Since links point to nodes, it may be necessary to create dummy nodes to be the
target of the links that tie the two structures together. We should be careful not
to confuse "clues" that avoid the need for recomputation with user-specified
information ("force a page break here").

I'm not sure I completely understood Bob's question. The widows-and-orphans
issue indicates that placement of nodes in frames should not be completely
arbitrary, while a paragraph that runs from one page to another may change
line-lengths in the process. Surely the point in both cases is that individual
editors may have varying levels of aspiration, not that Interscript should
standardize these things. By more explicitly decoupling the geometric and
content information in a document, we give high-capability editors considerable
freedom in arranging the most satisfactory merger.

Jim H.

*start*
16832 00024 USt
Date: 12 May 1982 4:55 pm PDT (Wednesday)
From: Mitchell.PA
To: Interdoc.PA
Subject: Interdoc syntax and semantics
Categories: Save
Reply-To: Mitchell.PA


-------------------

The syntax has been brought up to date and the semantics have been updated to add some new features

(1) the meaning of a tag (formerly mark) includes evaluating the tag name as well so that its default bindings can be obtained simply by writing the tag (e.g., PARA$ places the tag PARA on the node and evaluates PARA%). 

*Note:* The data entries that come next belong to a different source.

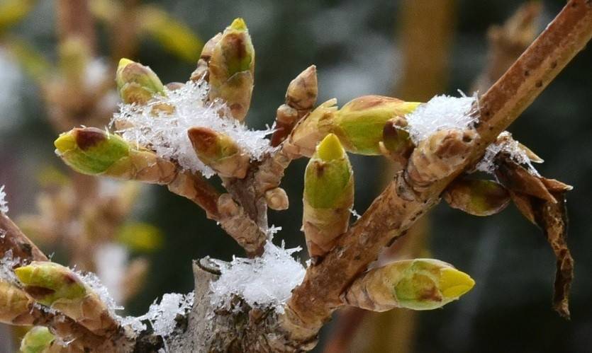 Важно! Зимой, если птицам недостаточно корма, они могут склевывать почки, тем самым причиняя вред форзиции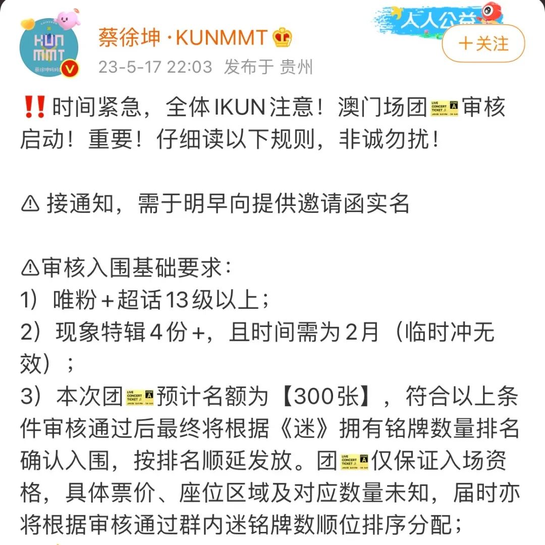 许巍、五月天接连因取消团票登上热搜才过不久,蔡徐坤KUNMMT粉丝团在17日晚“顶风”宣布:开启300张演唱会团票。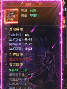 华阳针:相传最初为神医扁鹊所用,华阳聚三焦,捻提用三法,收精聚炁引神,纵然无常也难索命。游戏中华阳针,有起死回生之效用,可让佩戴者原地重生

(2) the notion of a scope (the "unit" that owns  an environment) has been added. 

-------------------


GRAMMAR

script    	::= versionId node
versionID	::= "Interscript/Interchange/1.0 "
content	::= term | node
term    	::= primary | primary op term
op		::= "+" | "-" | "*" | "/"
primary	::= literal | invocation | indirection | application | selection | vector
literal    	::= Boolean | integer | intSequence | real | string | universal
universal	::= ucID ( "." ucID )*
name    	::= id ( "." id )*
invocation	::= name
indirection	::= name "%"
application	::= ( name | universal ) "[" scope* "]"
selection	::= "(" term "|" item* "|" item* ")"
vector	::= "(" scope* ")"
node    	::= "{" nodeItem* "}"
nodeItem	::= label | scope
scope		::= binding* content content*
binding	::= name mode rhs
mode    	::= "←" | "=" | ":="
rhs    	::= content | op term | "'" item* "'" | "[" [ primary ] "|" binding* "]"
item    	::= label | binding | content
label    	::= tag | link
tag    	::= universal "$"
link    	::= id "@!" | name "@" | name "!"

NOTATION FOR ENVIRONMENTS

Environments bind identifiers to expressions, in various modes ("=", ":", ":=", "←"):
     Null denotes the "empty" environment
     [E | id m e] means "E with id mode m bound to e"
     locBinding(id, E) denotes the binding mode of id in E
         locBinding(id, Null) = None
         locBinding(id, [E | id' m e]) =
                 if id=id' then m else locBinding(id, E)
     locVal(id, E) denotes the value locally bound to id in E
         locVal(id, Null) = Nil = ""
         locVal(id, [E | id' m e]) = if id=id' then e else locVal(id, E)

SEMANTIC FUNCTIONS

R and B are intended to propagate the effects of the environment into an expression.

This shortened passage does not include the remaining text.